Johnson & Johnson, already under fire for a massive recall of children’s medicine issued in April by its McNeil Consumer Healthcare Unit, is now facing another investigation. This one involves an alleged “phantom recall” of some Motrin tablets that occurred in 2008.

Last week, the House Oversight and Government Reform Committee conducted a hearing into the children’s medicine recall, which led to the revelation of Motrin incident. Documents released by the Committee showed that McNeil hired contractors to buy Motrin IB caplets under orders not to mention the term “recall” after learning in November 2008 that the drugs were not dissolving properly. A memo titled “Motrin Purchase Project” instructed the contractors to “on your schedule to locate and purchase” all of the Motrin eight-count packages. The document further instructed them to “‘act’ like a regular customer in making these purchases.”

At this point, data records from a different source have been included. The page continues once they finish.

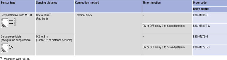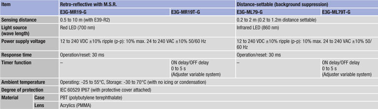 Датчики серії E3G-M характеризуються збільшеною відстанню спрацьовування, властивим сімейства E3G, і можуть застосовуватися в системах з будь-яким напругою живлення (змінного і постійного струму).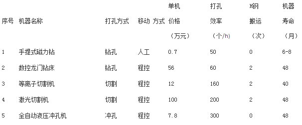?。?)等離子切割機(jī)及激光切割機(jī)切割速度分別按照每分鐘1000及1200mm;液壓沖孔機(jī)沖孔速度按照每個(gè)5—7秒計(jì)算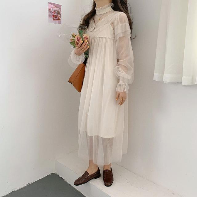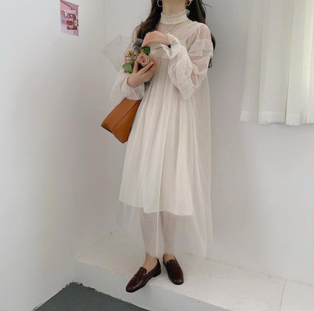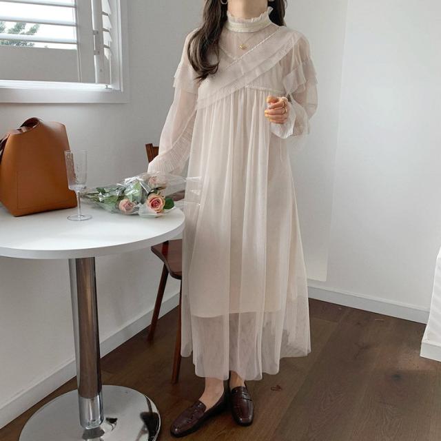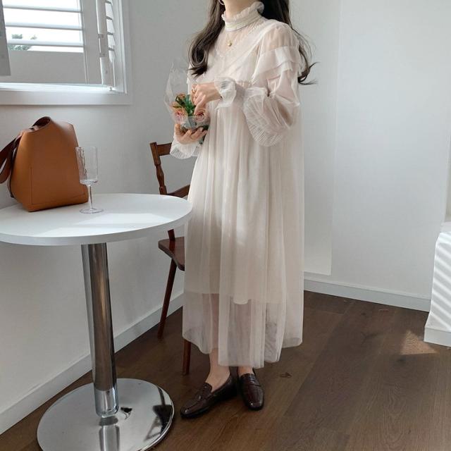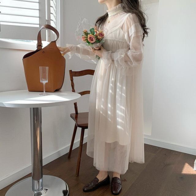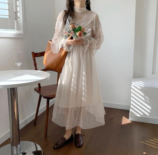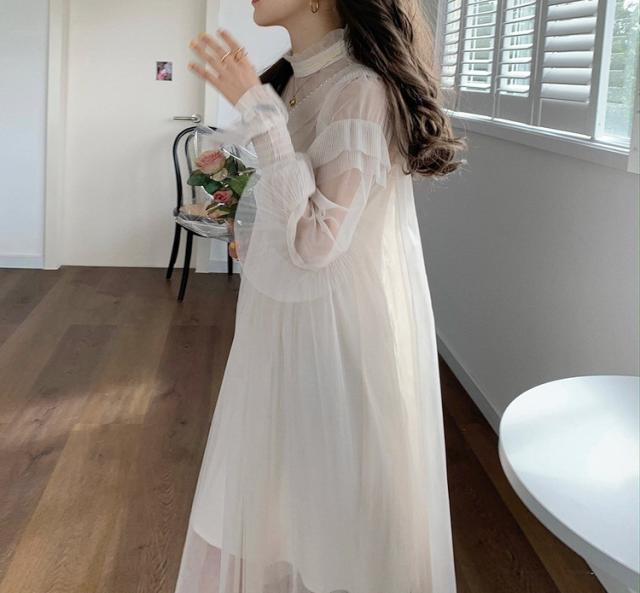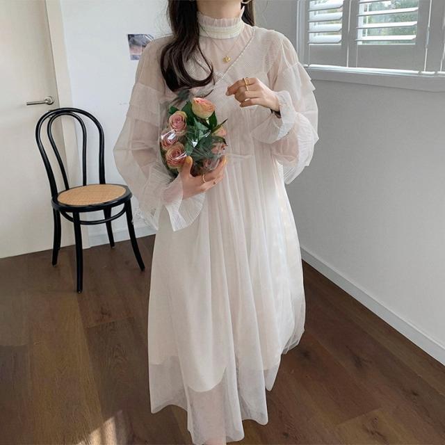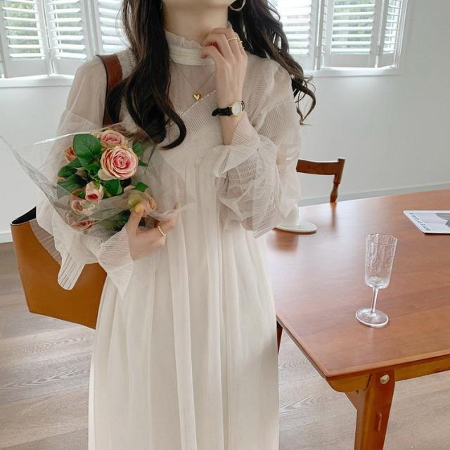 ワンピース レディース 40代 マキシワンピース 春夏 長袖ワンピース きれいめ 白チュールスカート シースルー オシャレ結婚式ドレス お出かけ 大人 30代 50代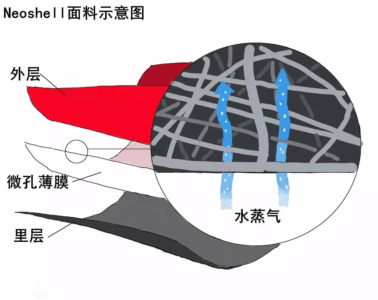 尼奧盾( Neoshell)面料由亞微米級別的纖維構成,屬微孔薄膜,也就是小孔更為細密,因此防水透氣效果更好。2011年由著名的抓絨面料公司保羅塔克(Polartec)研制。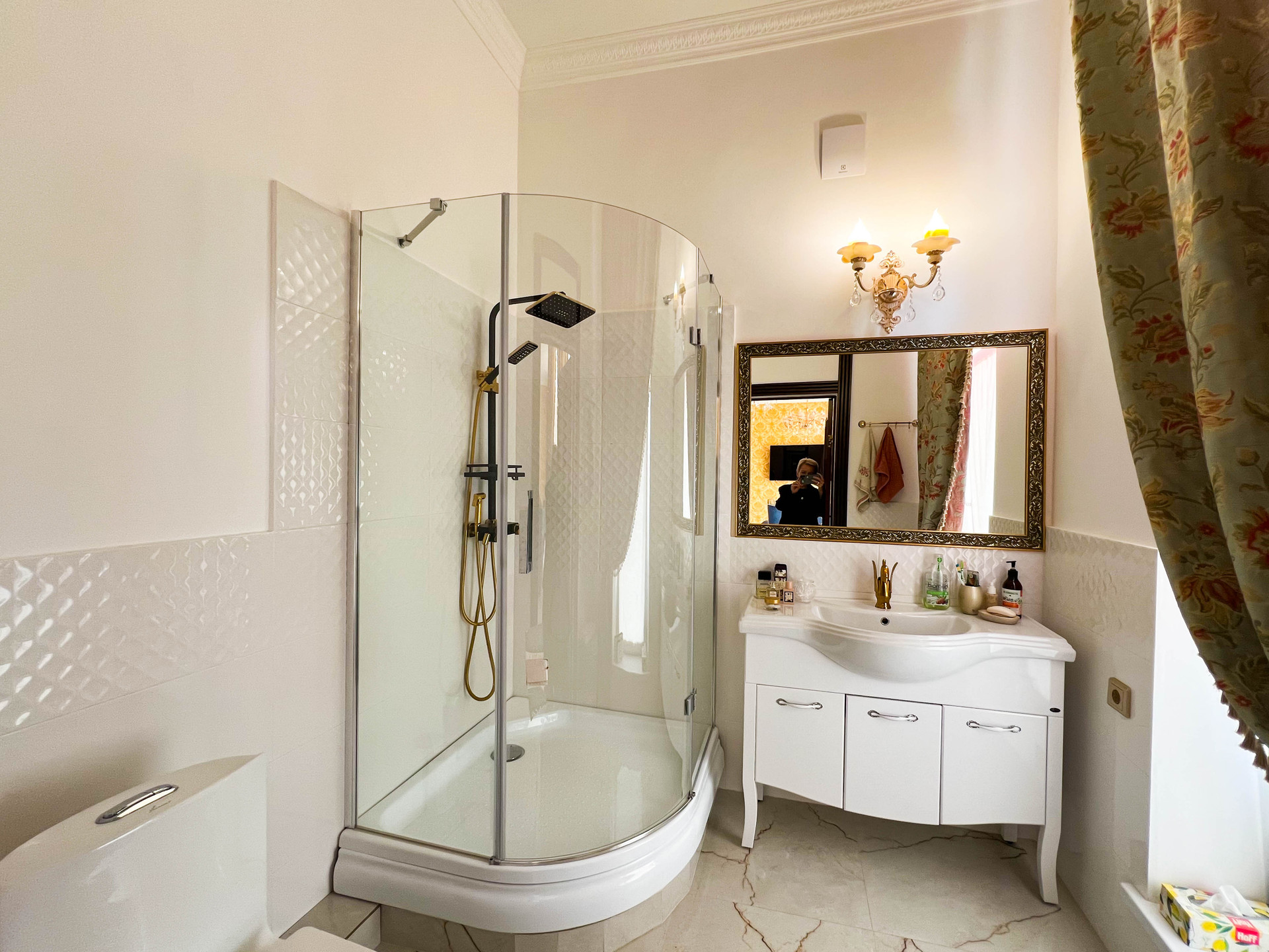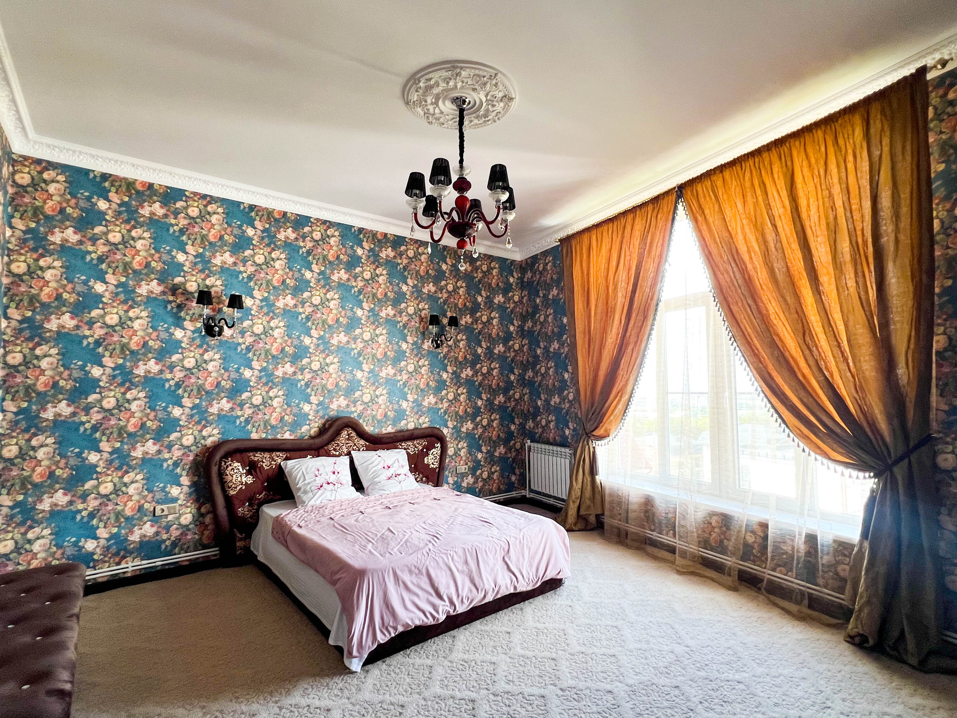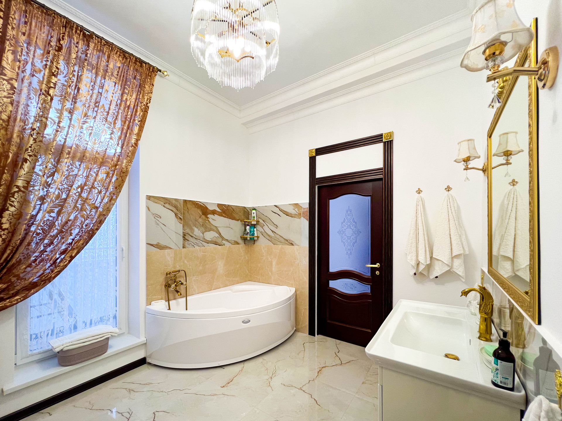 Витражные окна, высота потолков - 3,3 м.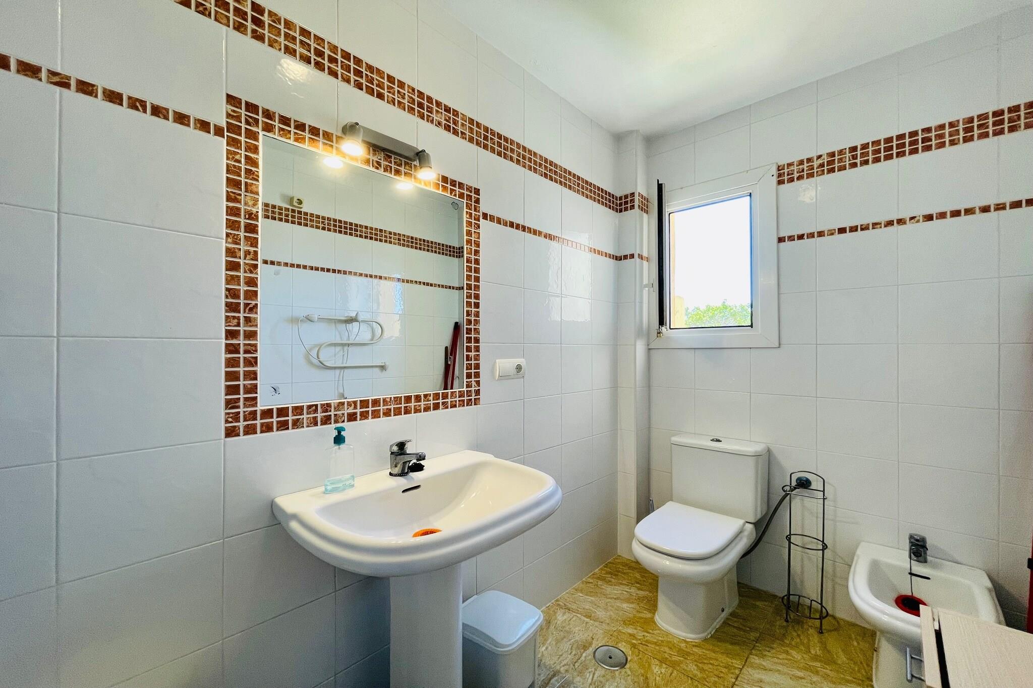 Stueetage: (Indgang (deles med andre gæster, adgang udefra)) På 1. etage: (Indgang , Køkken(kogeplade, elkedel, brødrister, emhætte, ovn, mikrobølgeovn, køle-fryseskab, Saftpresser), stue / spisestue(Fjernsyn(fladskærm), spisebord, sofahjørne), soveværelse(dobbeltseng), soveværelse(enkeltseng, enkeltseng), badeværelse(badekar med bruser, håndvask, toilet), klimaanlæg, terrasse) garage, havedøre, have(deles med andre gæster, oplyst), havemøbler, grill, swimmingpool(deles med andre gæster, udendørs, opened from Jun upto and including Sep)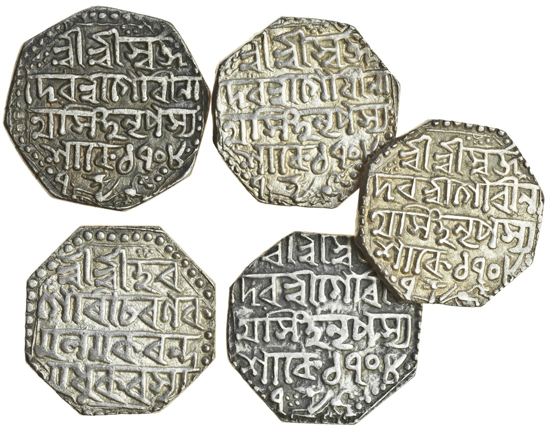 Assam, Gaurinatha Simha (1780-95), octagonal Rupees (5), Sk. 1708, year 7 (5), die varieties (RB. R40; KM. 218), very fine or better (5)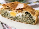 Lessate la bietola, scolatela bene e tritatela. In un tegame soffriggete dolcemente il burro con il lardo, la cipolla tritata e gli spicchi d’aglio. Unite poi le bietole, con sale e pepe, e lasciate insaporire. Intanto, in una terrina stemperate la ricotta dolce con il parmigiano e la maggiorana. Quando le bietole sono ben insaporite, versatele nella terrina con la ricotta e lasciate riposare il tutto. Preparate quindi la sfoglia impastando la farina con un po’ d’acqua, 1 cucchiaio di olio, il sale e dividete la pasta così ottenuta in 12 parti uguali. Ungete d’olio una tortiera e sistematevi, sovrapposte, le prime 6 sfoglie, che avrete tirate molto sottili, ungendole tra uno strato e l’altro. A questo punto riempite la tortiera con il ripieno di verdura, formate sei fossette, versate un uovo in ciascuna di esse, un po’ d’olio e parmigiano. Coprite il tutto con le rimanenti 6 sfoglie, tirate sempre molto sottili, unte tra uno strato e l’altro tranne l’ultima sfoglia che va spennellata con l’uovo sbattuto. Punzecchiate la superficie della torta prima di metterla a cuocere in forno a 200 gradi per 1 ora.

Neither the public nor the U.S. Food & Drug Administration (FDA) was informed of the action. Once the FDA inadvertently learned of the Motrin project, McNeil recalled 88,000 packages of the drug in July 2009.

Now the House Committee wants to know more about that incident. In a letter dated May 28 and released yesterday, the Committee chair Edolphus Towns, D-NY, asked Johnson & Johnson to provide a “detailed description” about the hiring of outside contractors or employees used to remove products from stores. It also requests all records relating to the 2008 Motrin incident, as well as the names of the contractors used in the Motrin purchase effort.

Johnson & Johnson has been under scrutiny since April, when its McNeil Consumer Healthcare unit recalled more than 40 varieties of Tylenol Infant Drops, Children’s Tylenol Suspensions, Children’s Tylenol Plus Suspensions, Motrin Infant Drops, Children’s Motrin Suspensions, Children’s Zyrtec Liquid in Bottles, and Children’s Benadryl Allergy Liquid.

The recall was the largest involving children’s medicines in the history of the FDA, and involved 70 percent of the market for over-the-counter pediatric liquid medicines.

A memo prepared by Congressional staffers that was released last week revealed that between January 2008 and April 2010, the FDA received 775 reports of adverse events – including 30 deaths – involving the recalled drugs. After the recall, the agency received several hundred more complaints, including seven deaths, the memo said.

The FDA is still investigating some of the adverse event reports to determine if the events were related to a child taking one of the recalled medicines.